··· Supplied data ···

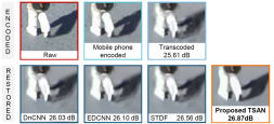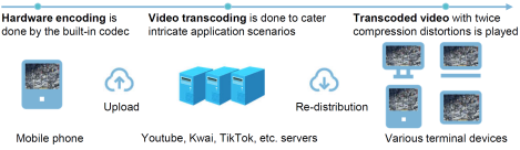 结合深度学习技术,何刚老师团队首次针对实际工程应用中视频经历多次压缩编码(即转码)而非独立压缩编码,开创性地开发相应的视频修复去伪影增强算法,并取得了显著成果。图2为转码视频压缩去伪影增强的一个应用场景示例,日常生活观看的视频大多数都在录制与传输过程中经历了多次编码压缩。通常情况下使用移动手机录制的视频通过互联网分享给其他人时视频至少会经过两次压缩。首先,在手机端录制的视频会直接经由手机内置的编解码器完成硬件编码(也称初始编码),此时的视频码率较高,视频内容清晰,压缩伪影不明显。然后用户将其上传到如YouTube、快手、抖音等视频服务提供商时,这些厂商将对视频进行不同码率的转码以适应不同的应用场景,而后分发给其他用户。最终在其他用户端显示播放的该视频是经过编码和转码后的版本,此时的视频往往失真明显,压缩伪影明显,尤其是在带宽有限的情况下更加突出,会不同程度地影响用户的观看体验。
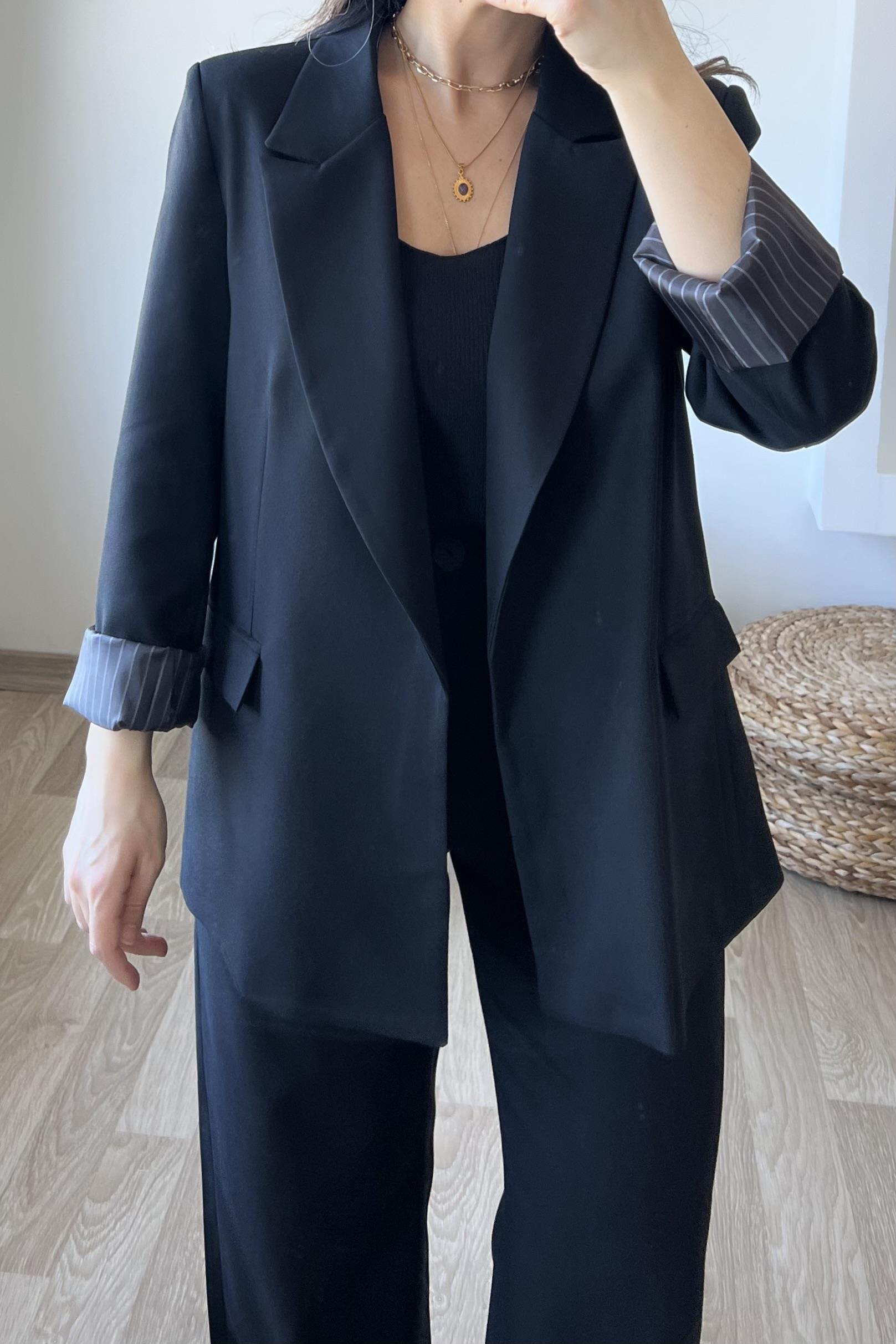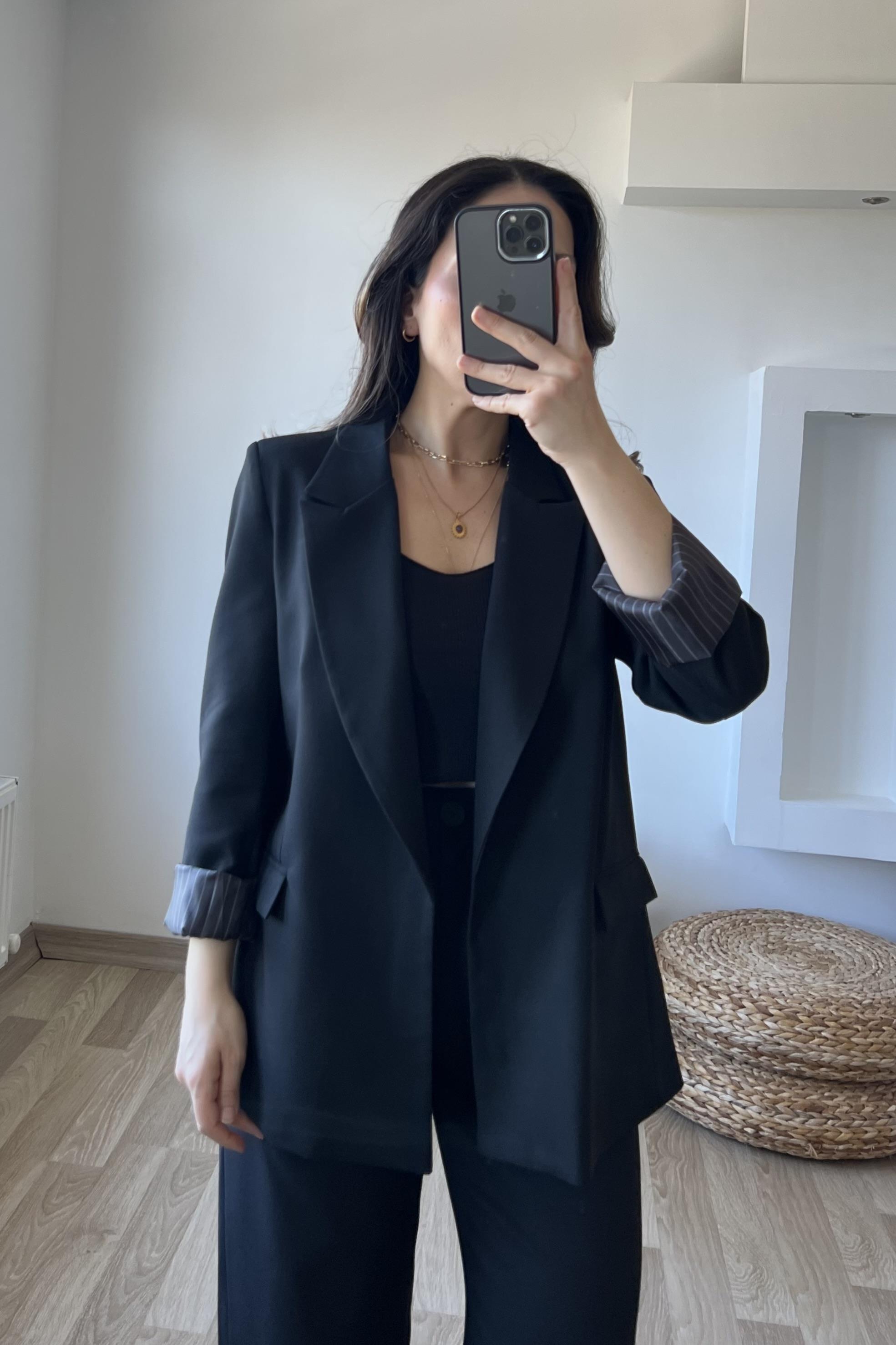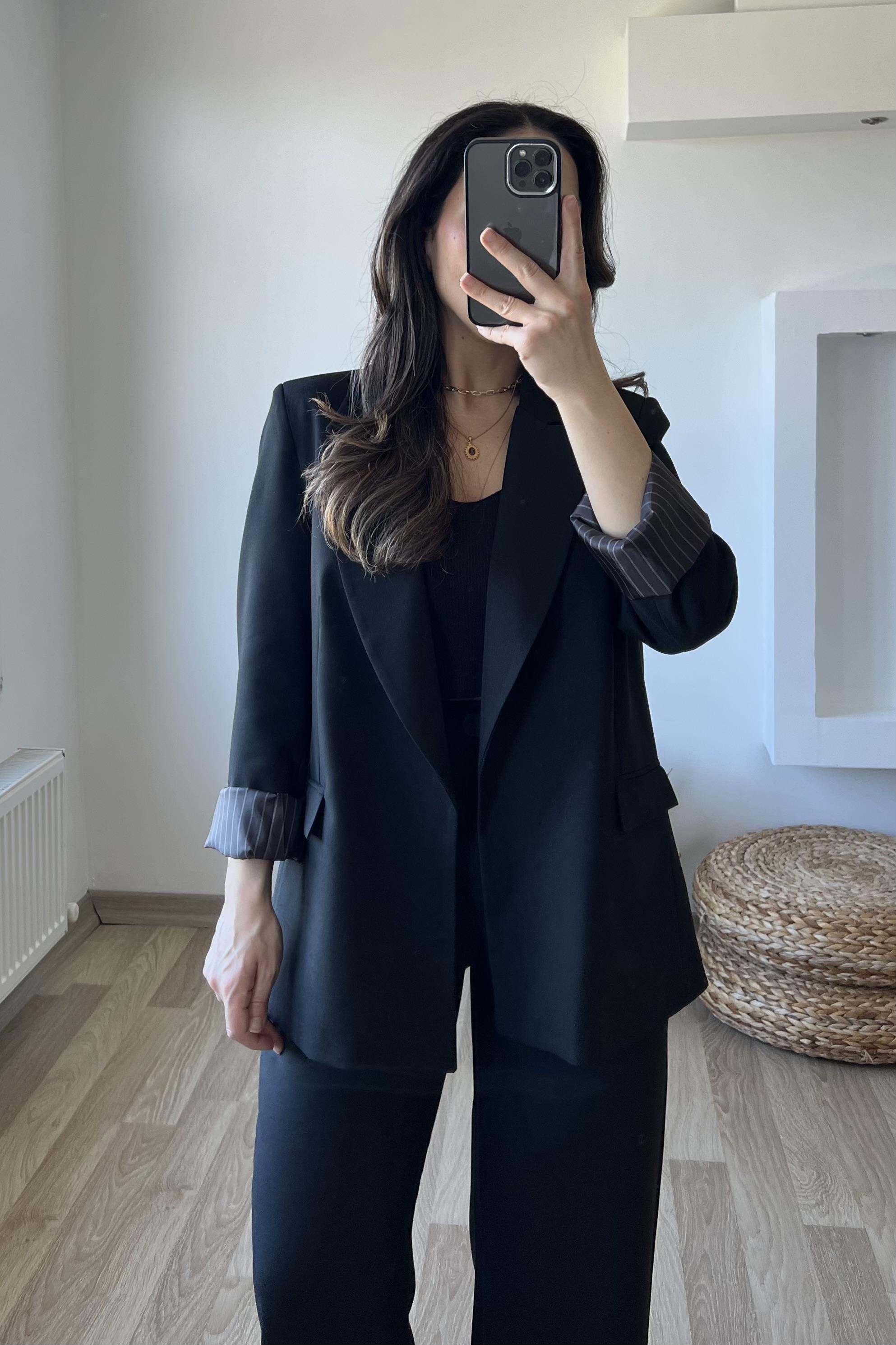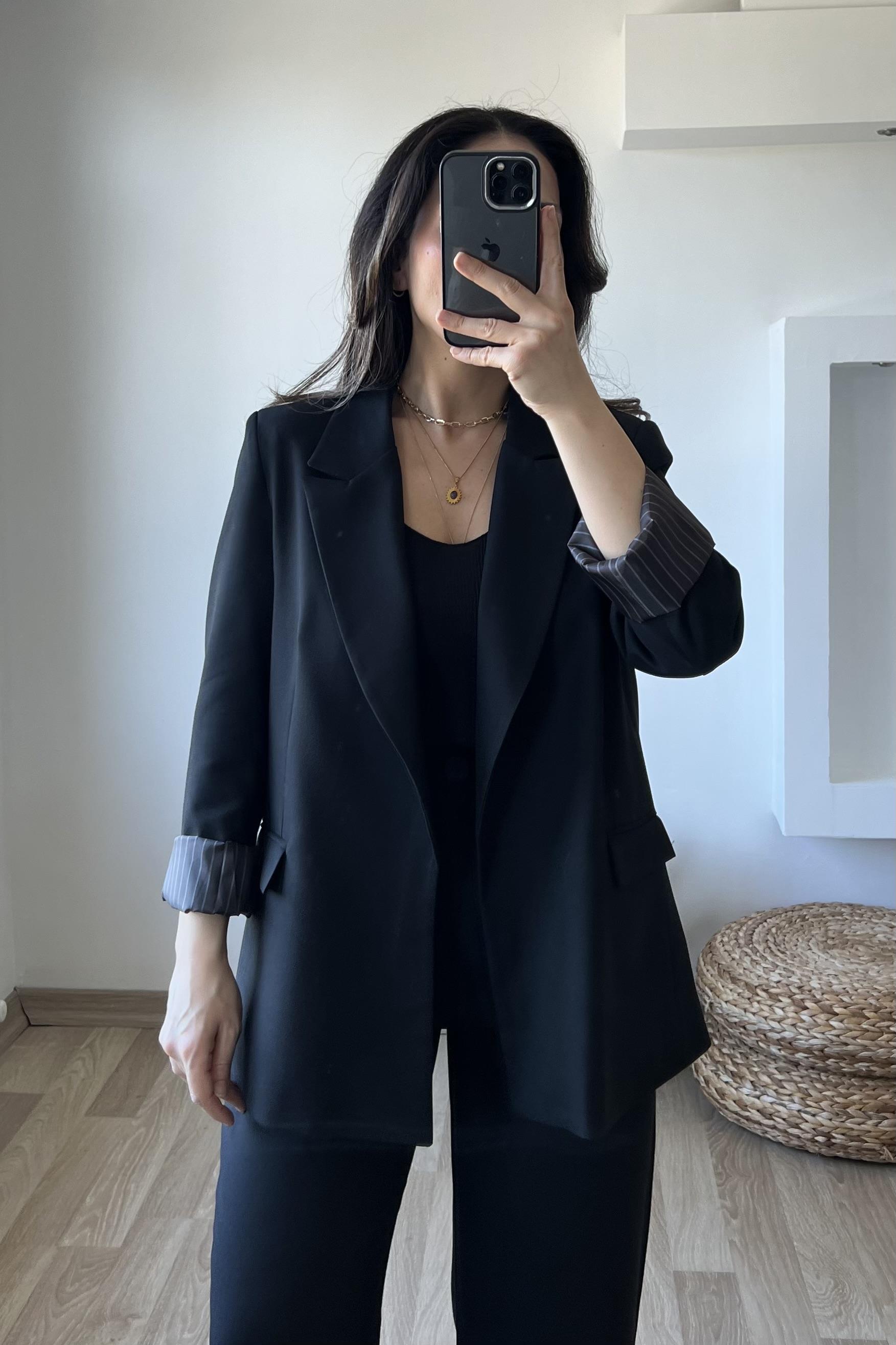 Siyah Premium Kolu Katlamalı Blazer
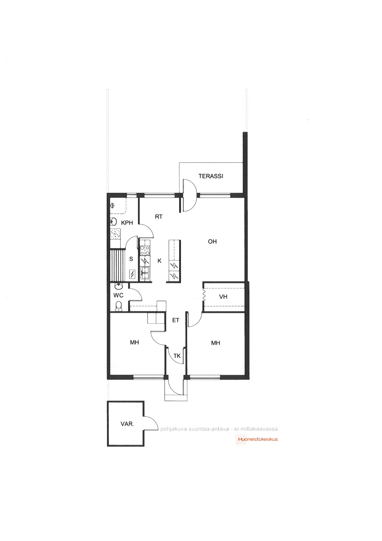 Oh, 2 mh, s, kph, erill. wc, terassi |
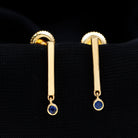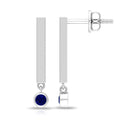 Round Shape Blue Sapphire and Gold Bar Drop Earrings for Women
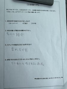 作業後には『とても丁寧で大変助かりました。』とお褒めのお言葉を頂きました。
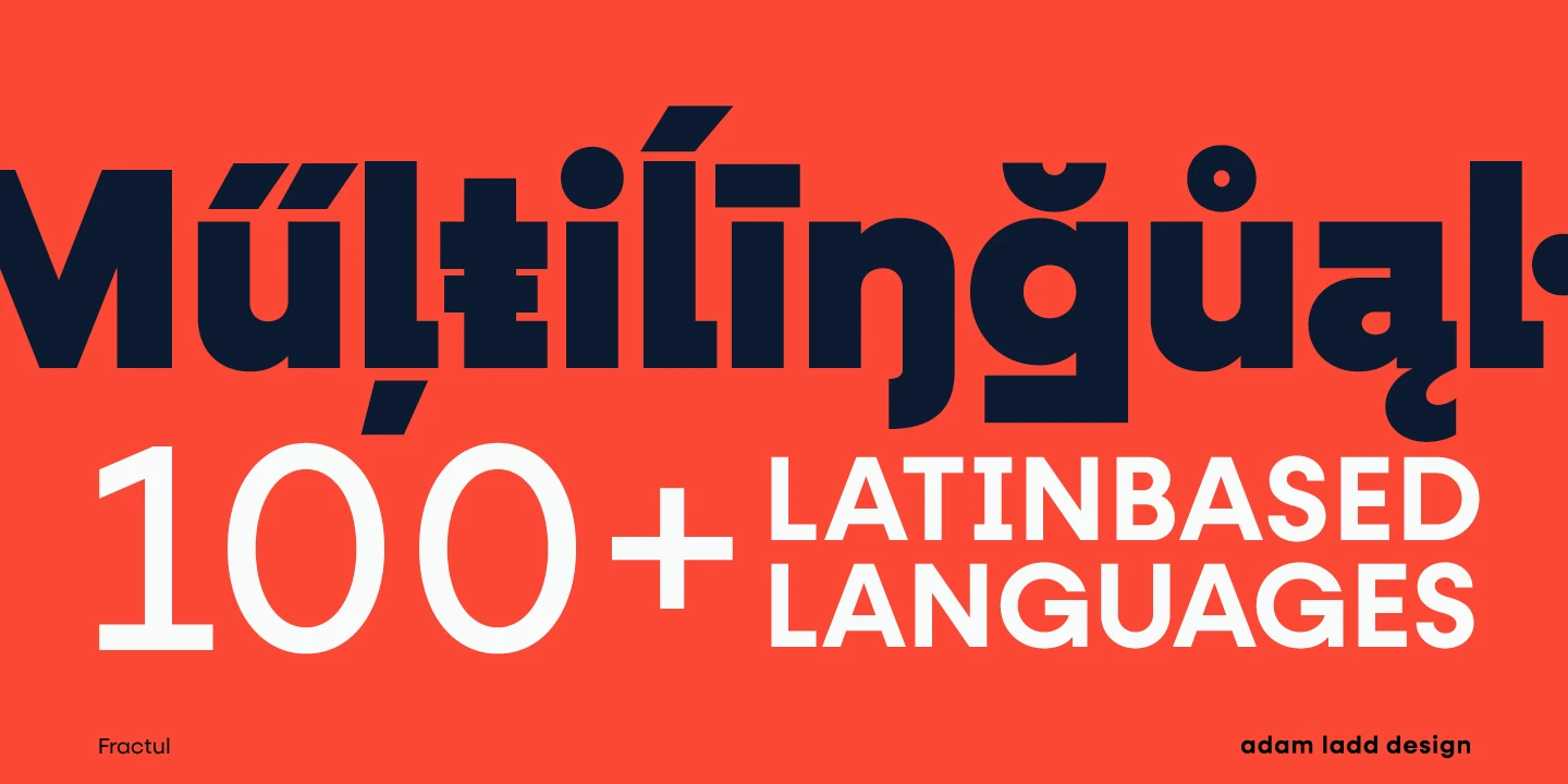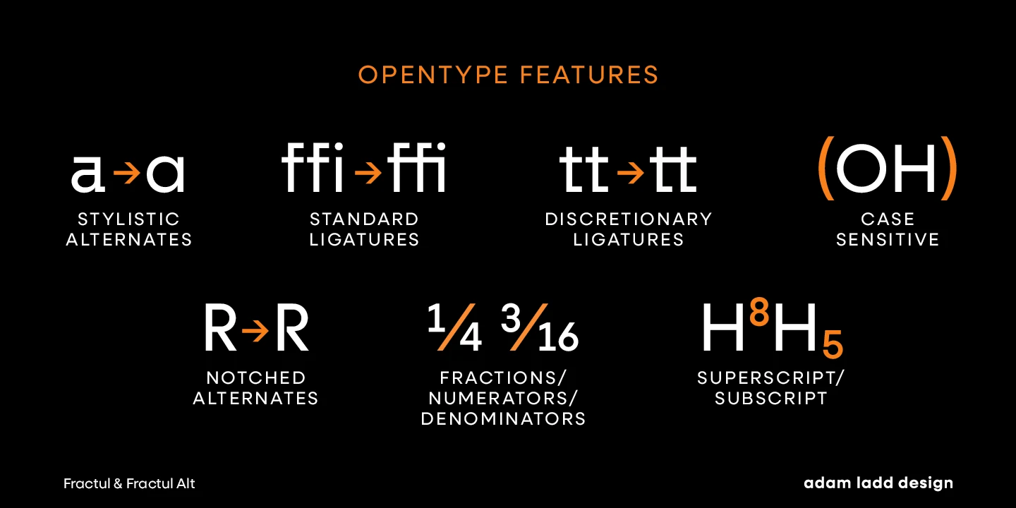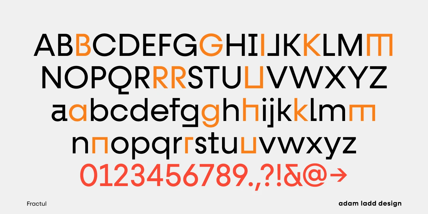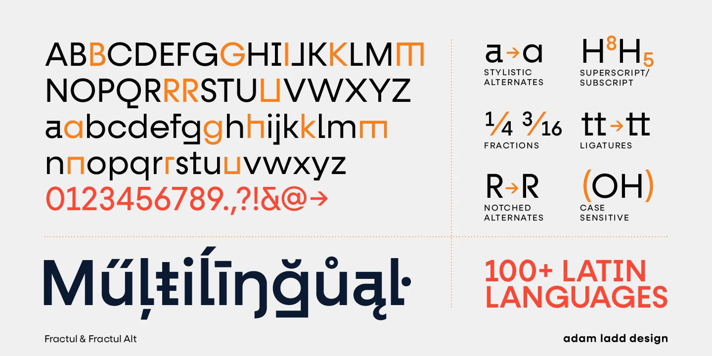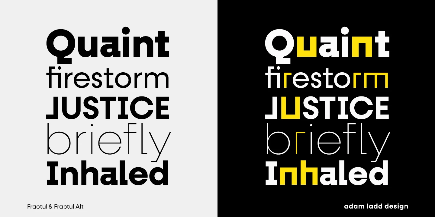 Fractul and Fractul Alt are architectural geometric sans serifs. Dramatically modern because of a larger x-height with a more distinct and avant-garde voice — most evident in characters where specific strokes have been straightened for a strong angular appearance. Fractul has over 600 glyphs and many OpenType features: 6 stylistic sets, standard and discretionary ligatures, case-sensitive punctuation, fractions, numerators, denominators, superscript, subscript, and even a slashed zero.
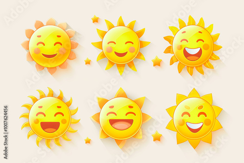 Cute suns. Sunshine, cute smiling faces. Set of funny suns
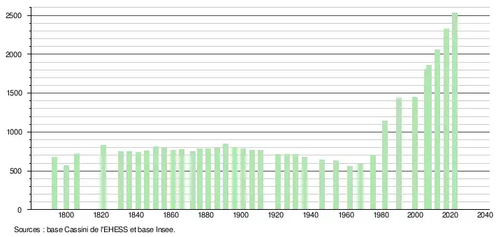 L'évolution du nombre d'habitants est connue à travers les recensements de la population effectués dans la commune depuis 1793. Pour les communes de moins de 10 000 habitants, une enquête de recensement portant sur toute la population est réalisée tous les cinq ans, les populations de référence des années intermédiaires étant quant à elles estimées par interpolation ou extrapolation[32]. Pour la commune, le premier recensement exhaustif entrant dans le cadre du nouveau dispositif a été réalisé en 2007[33].
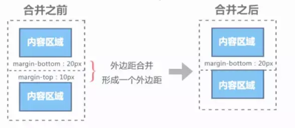 - 垂直方向,两个相邻元素都设置外边框,外边框会发生合并,合并后外边框 高度等于两个发生合并外边框的高度总中最大值。
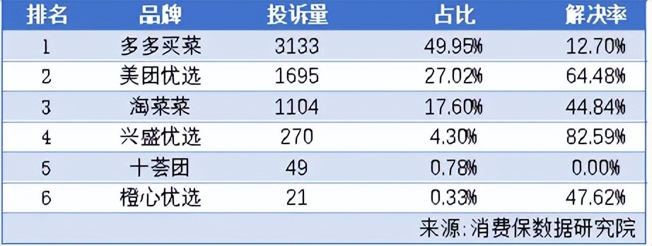 社區團購平臺相關投訴中,多多買菜以3133件投訴量位居榜首,投訴解決率為12.70%;美團優選以1695件投訴位列第二,投訴解決率為64.48%;淘菜菜以1104件投訴排在第三位,投訴解決率為44.84%。

···

Work to complete: Reproduce all lines above exactly. Leave the images out.

Result:
 结合深度学习技术,何刚老师团队首次针对实际工程应用中视频经历多次压缩编码(即转码)而非独立压缩编码,开创性地开发相应的视频修复去伪影增强算法,并取得了显著成果。图2为转码视频压缩去伪影增强的一个应用场景示例,日常生活观看的视频大多数都在录制与传输过程中经历了多次编码压缩。通常情况下使用移动手机录制的视频通过互联网分享给其他人时视频至少会经过两次压缩。首先,在手机端录制的视频会直接经由手机内置的编解码器完成硬件编码(也称初始编码),此时的视频码率较高,视频内容清晰,压缩伪影不明显。然后用户将其上传到如YouTube、快手、抖音等视频服务提供商时,这些厂商将对视频进行不同码率的转码以适应不同的应用场景,而后分发给其他用户。最终在其他用户端显示播放的该视频是经过编码和转码后的版本,此时的视频往往失真明显,压缩伪影明显,尤其是在带宽有限的情况下更加突出,会不同程度地影响用户的观看体验。
 Siyah Premium Kolu Katlamalı Blazer
 Oh, 2 mh, s, kph, erill. wc, terassi |
 Round Shape Blue Sapphire and Gold Bar Drop Earrings for Women
 作業後には『とても丁寧で大変助かりました。』とお褒めのお言葉を頂きました。
 Fractul and Fractul Alt are architectural geometric sans serifs. Dramatically modern because of a larger x-height with a more distinct and avant-garde voice — most evident in characters where specific strokes have been straightened for a strong angular appearance. Fractul has over 600 glyphs and many OpenType features: 6 stylistic sets, standard and discretionary ligatures, case-sensitive punctuation, fractions, numerators, denominators, superscript, subscript, and even a slashed zero.
 Cute suns. Sunshine, cute smiling faces. Set of funny suns
 L'évolution du nombre d'habitants est connue à travers les recensements de la population effectués dans la commune depuis 1793. Pour les communes de moins de 10 000 habitants, une enquête de recensement portant sur toute la population est réalisée tous les cinq ans, les populations de référence des années intermédiaires étant quant à elles estimées par interpolation ou extrapolation[32]. Pour la commune, le premier recensement exhaustif entrant dans le cadre du nouveau dispositif a été réalisé en 2007[33].
 - 垂直方向,两个相邻元素都设置外边框,外边框会发生合并,合并后外边框 高度等于两个发生合并外边框的高度总中最大值。
 社區團購平臺相關投訴中,多多買菜以3133件投訴量位居榜首,投訴解決率為12.70%;美團優選以1695件投訴位列第二,投訴解決率為64.48%;淘菜菜以1104件投訴排在第三位,投訴解決率為44.84%。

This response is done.